• [Exercise] Under this line are records; the part from the line containing "A 40 mm-es, részben" through the line containing "許姐來自福建詔安,會說潮汕話" should be repeated exactly. Please exclude pictures.

• [Supplied records]

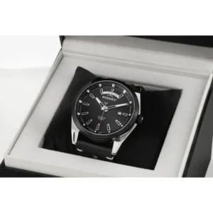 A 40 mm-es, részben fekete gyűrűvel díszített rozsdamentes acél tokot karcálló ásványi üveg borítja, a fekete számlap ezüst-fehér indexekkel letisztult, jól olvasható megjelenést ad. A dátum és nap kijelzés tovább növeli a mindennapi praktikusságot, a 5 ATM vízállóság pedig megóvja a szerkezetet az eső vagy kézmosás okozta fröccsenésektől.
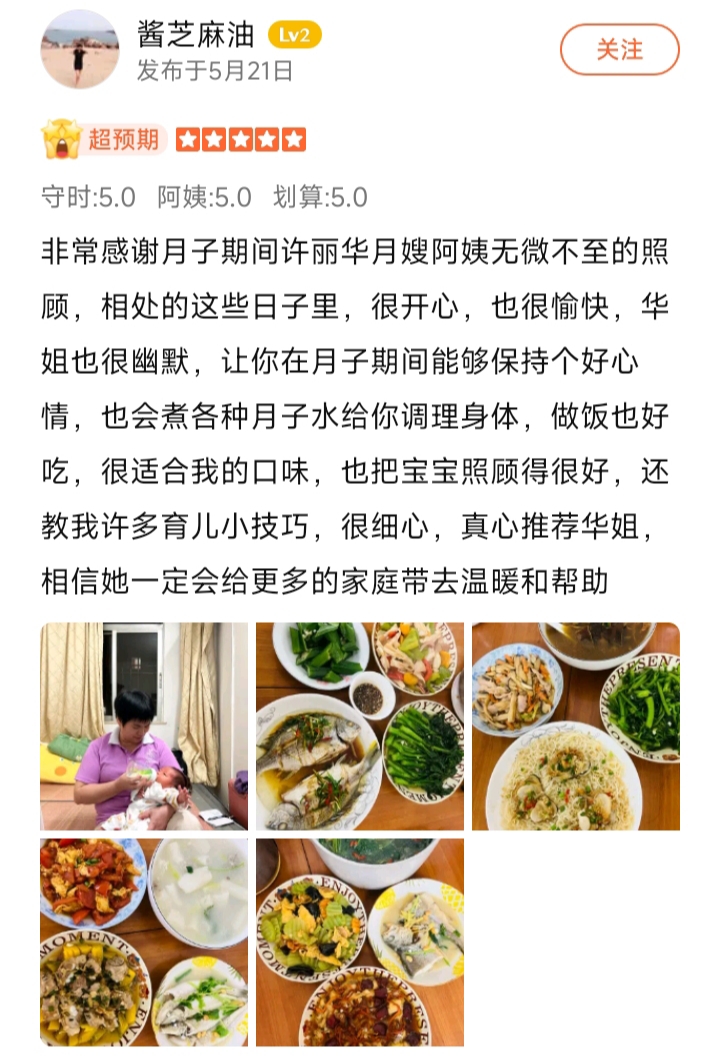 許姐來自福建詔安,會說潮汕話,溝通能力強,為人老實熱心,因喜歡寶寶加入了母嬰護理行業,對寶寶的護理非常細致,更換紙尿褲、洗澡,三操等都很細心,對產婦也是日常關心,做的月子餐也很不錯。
--
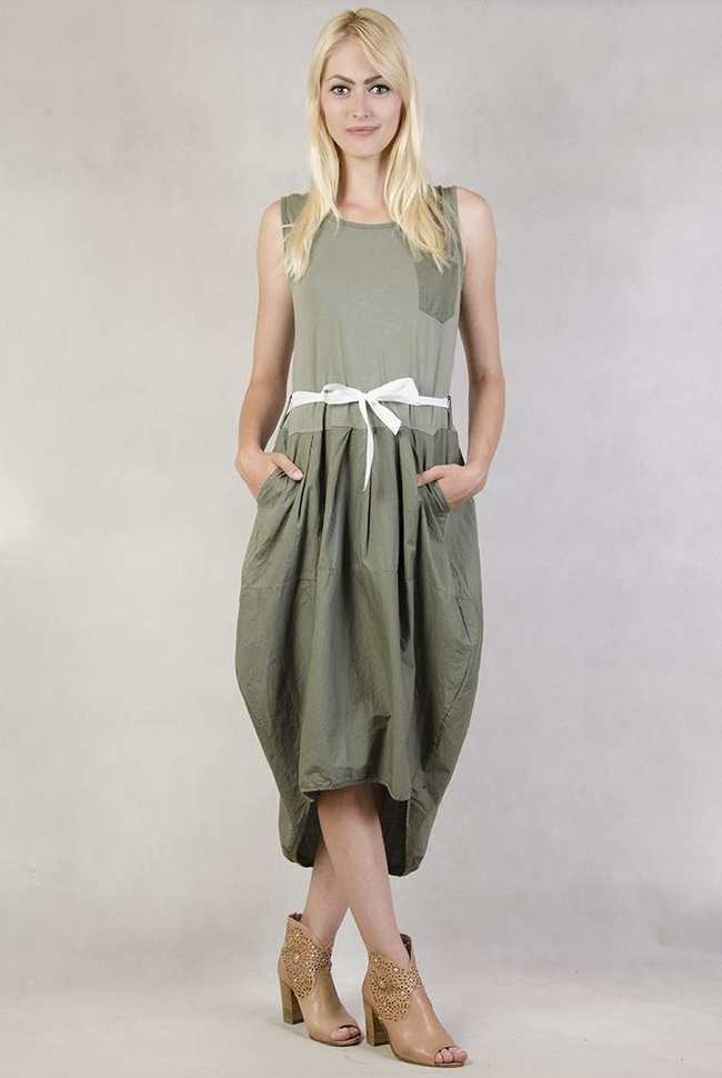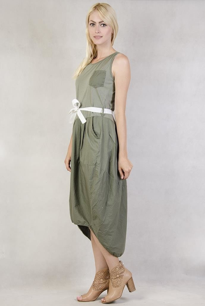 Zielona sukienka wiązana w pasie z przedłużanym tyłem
---
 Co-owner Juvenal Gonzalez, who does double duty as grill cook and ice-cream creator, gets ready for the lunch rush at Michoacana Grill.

• [Response for this exercise]
 A 40 mm-es, részben fekete gyűrűvel díszített rozsdamentes acél tokot karcálló ásványi üveg borítja, a fekete számlap ezüst-fehér indexekkel letisztult, jól olvasható megjelenést ad. A dátum és nap kijelzés tovább növeli a mindennapi praktikusságot, a 5 ATM vízállóság pedig megóvja a szerkezetet az eső vagy kézmosás okozta fröccsenésektől.
 許姐來自福建詔安,會說潮汕話,溝通能力強,為人老實熱心,因喜歡寶寶加入了母嬰護理行業,對寶寶的護理非常細致,更換紙尿褲、洗澡,三操等都很細心,對產婦也是日常關心,做的月子餐也很不錯。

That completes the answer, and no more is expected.